1. Shock
To : sammyg2498@gmail.com
From: pippalovesclimbing@btinternet.com
5 April 2018 at 11.45pm
Hi Sam,
How are things? Long time no speak. Although I have a pretty good excuse for not being in touch this time.
I guess it’s too much to hope that you haven’t have heard the news by now… I know it’s been all over social media. And yes it’s true – a week’s holiday climbing in Snowdonia followed by a five week sabbatical at St Bartholomew’s Hospital where they tried to piece me back together with screws and metal rods. Something must have worked, or perhaps the doctors just gave up, as they finally let me leave.
In reality I’ve just swapped one set of four walls for another. I arrived at my parents’ house yesterday which is where I’ll be staying for the foreseeable future. The room is an ensuite which helps, but both Mum and Dad keep fussing around me as though I’m made of glass. Turns out that all I needed to do to get them to like me was free fall 80 ft and smash my spinal cord.
Bad joke – sorry. I guess it all just seems a bit unreal at the moment. It’s difficult for me to get around and although the pain is under control now I’m just really goddamn tired.
I had a ton of messages of social media asking how it happened and asking if I was ok – some of the messages were from people I barely knew. My better self would say that people are just concerned and well-meaning but my more cynical, shadow self feels like some kind of strange fish in an aquarium that people are looking in at from the outside, thanking their lucky stars that they’re on the other side of the glass.
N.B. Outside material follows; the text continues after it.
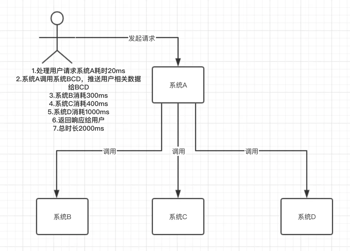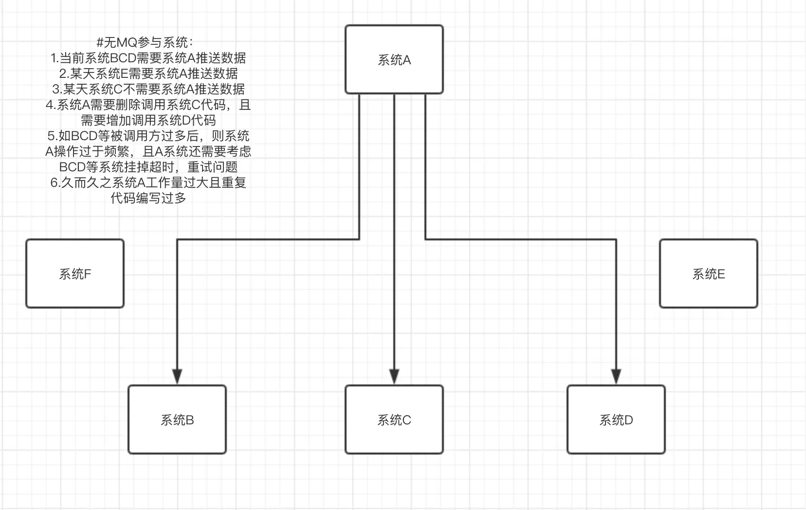 - MQ未参与系统,用户高并发请求时,消峰处理

Anyway I deleted the social media accounts. Every. Single. One. To be honest I don’t really want to talk about it yet or see anyone. But if you wanted to call me that would be alright you know? If you wanted to anyway.
I’ve already had my first visitor this morning. My childhood friend Jenny lives just down the road from my parents’ house. We lost touch a few years ago but you might have met her a couple of times when we were first together. I was still asleep when she dropped by but she left a calathea plant. Do you know what a calathea plant looks like? Google it if not. Jenny means well, I know, but the poor thing probably won’t last long. If I’m honest the bedroom curtains are permanently closed and I’ve created a cosy little cocoon for myself for the moment – just until I have some more energy. The sunlight still hurts my head. How long can plants last without daylight anyway?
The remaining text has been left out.